* _Data provided_
◇ ◇ ◇ ◇
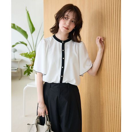 ネックラインや前立てのバイカラー配色がクラシカルな着こなしを叶えるブラウス。ふんわりと広がるフレアスリーブや、パール調ボタンがフェミニンな印象を与えます。ショルダー部分やバックヨークに施したギャザーのポイント使いがアクセントに。きれいめはもちろん、カジュアルアイテムと合わせたミックススタイルもおすすめです。透け感[ややあり]
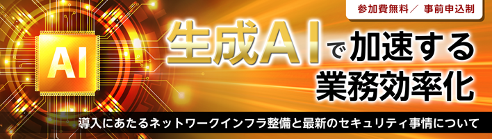 生成AIの導入が進む中、クラウドで膨大なデータを処理するなどインターネットの通信量が増加しています。そのため、業務遂行の遅延、停滞のリスクが高くなっており、安定性を考慮したネットワークインフラの整備が不可欠となっています。本セミナーでは生成AIの業務効率化を支える高速回線とネットワーク環境の構築を各機器の段階的な見直しとともにご紹介します。
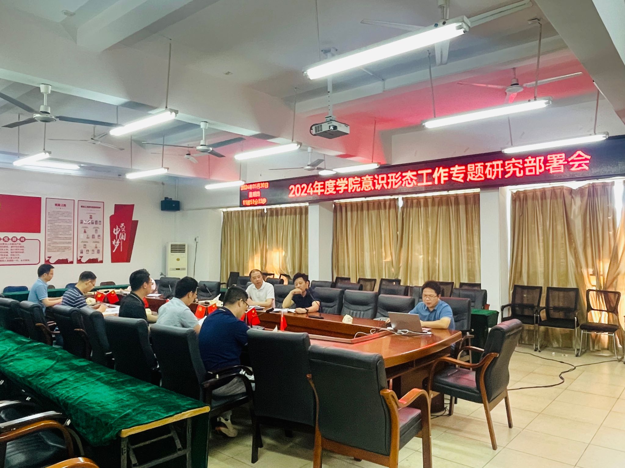 会议强调,要以党的二十大精神和习近平新时代中国特色社会主义思想为指导,深入贯彻落实党的教育方针,以提高全院师生思想政治素质、推动公司全面发展为目标,进一步把握正确舆论导向,持续加强公司意识形态工作,营造浓厚的思想政治氛围,以社会主义核心价值观为引领,把思想价值引领贯穿公司产品全过程和各环节,为员工成长成才提供思想保障;要牢牢掌握意识形态工作的领导权、管理权、话语权,解放思想、认清形势,认真分析新形势下意识形态工作面临的新问题、新挑战,以新思路、新举措不断破解遇到的难题;要深入开展社会主义核心价值观主题教育,组织员工开展理想信念教育、爱国主义教育、民族团结教育、安全教育、法制教育、诚信教育,加强对老员工安全防范教育和遵纪守法教育,树立老员工的安全防范意识和自觉遵纪守法的意识。
◇ ◇ ◇ ◇
* _Required work_
Leave out the pictures and copy the rest of the material above exactly.

* _Task answer_
 ネックラインや前立てのバイカラー配色がクラシカルな着こなしを叶えるブラウス。ふんわりと広がるフレアスリーブや、パール調ボタンがフェミニンな印象を与えます。ショルダー部分やバックヨークに施したギャザーのポイント使いがアクセントに。きれいめはもちろん、カジュアルアイテムと合わせたミックススタイルもおすすめです。透け感[ややあり]
 生成AIの導入が進む中、クラウドで膨大なデータを処理するなどインターネットの通信量が増加しています。そのため、業務遂行の遅延、停滞のリスクが高くなっており、安定性を考慮したネットワークインフラの整備が不可欠となっています。本セミナーでは生成AIの業務効率化を支える高速回線とネットワーク環境の構築を各機器の段階的な見直しとともにご紹介します。
 会议强调,要以党的二十大精神和习近平新时代中国特色社会主义思想为指导,深入贯彻落实党的教育方针,以提高全院师生思想政治素质、推动公司全面发展为目标,进一步把握正确舆论导向,持续加强公司意识形态工作,营造浓厚的思想政治氛围,以社会主义核心价值观为引领,把思想价值引领贯穿公司产品全过程和各环节,为员工成长成才提供思想保障;要牢牢掌握意识形态工作的领导权、管理权、话语权,解放思想、认清形势,认真分析新形势下意识形态工作面临的新问题、新挑战,以新思路、新举措不断破解遇到的难题;要深入开展社会主义核心价值观主题教育,组织员工开展理想信念教育、爱国主义教育、民族团结教育、安全教育、法制教育、诚信教育,加强对老员工安全防范教育和遵纪守法教育,树立老员工的安全防范意识和自觉遵纪守法的意识。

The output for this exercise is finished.